I have a 12v solar charged automatic gate here at the ranch and want to tack on some letters/numbers using a fluxless wire welder. To avoid damage to the electrical board in the opener, can I disconnect the negative side of the battery or is there another procedure other than pulling the gate from the swing pole? Both the gate slats and the letters/numbers are 14 gauge painted steel. If need be I can screw them to the slats, but it would be a pain. Any help or info GREATLY appreciated. [email protected] if more info is requested. Thanks..........


----------



## kim e cooper (Feb 18, 2006)

Always disconnect when you have + or - it will save you money!!!


----------



## mshanks13 (Jul 22, 2011)

Also keep your ground as close as possible to where you are welding.


----------



## Pier Pressure (Aug 30, 2009)

kim e cooper said:


> Always disconnect when you have + or - it will save you money!!!

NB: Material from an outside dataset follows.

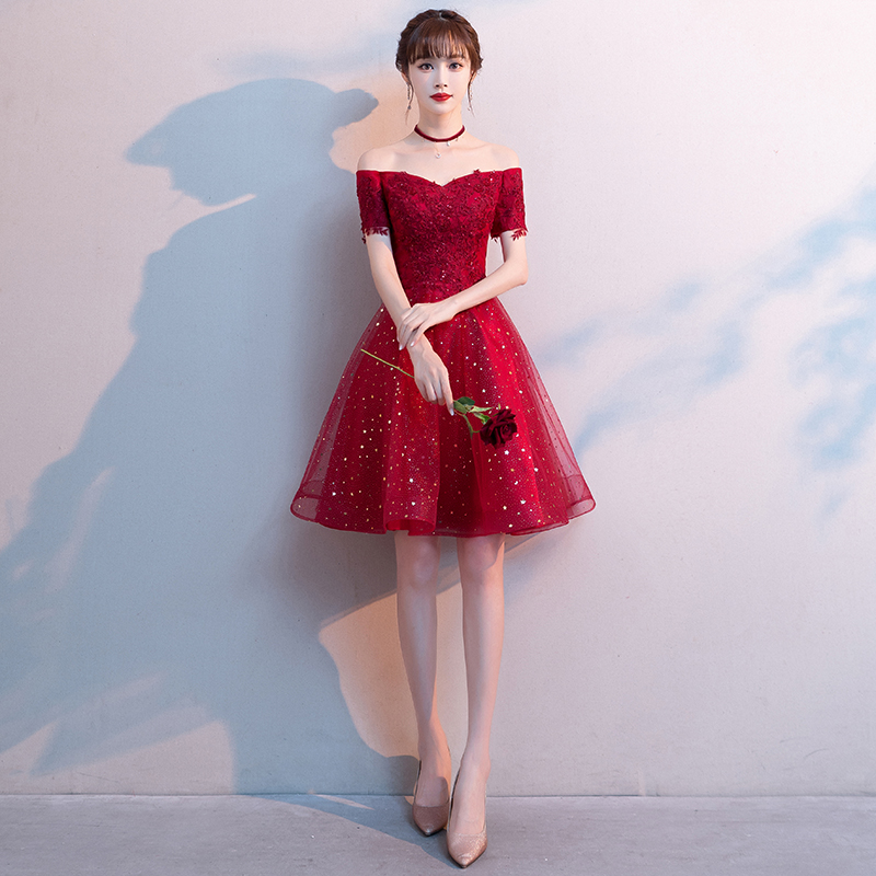Toast to the bride 2022 new wine red wedding engagement little pregnant woman with a short version of the evening gown
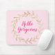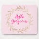 Das hübsche, schwarz-rosa Goldkrautmaus mit den Worten "Hello Gorgeous" in einem eleganten, rosafarbenen Drehbuch.

This goes for the battery and the charger. disconnect both of them. 
You should be fine other than doing it on a windy day running mig.


----------



## cubera (Mar 9, 2005)

I did a lot of welding on my gate in the country with both flux and stick without a problem.
In retrospect I guess doing a disconnect would have been the smart thing to do.
Crazy thing is a large dust devil went right over it a couple of weeks later and scrambled it's brains. Turning it off and on reset everything.
This a picture of it just after it passed over the gate.
Second pic, same devil, but caught on my game cam.

Been a lot of them up there lately.

Saw a big one today crossing 146 near Red Bluff around 11:30.


----------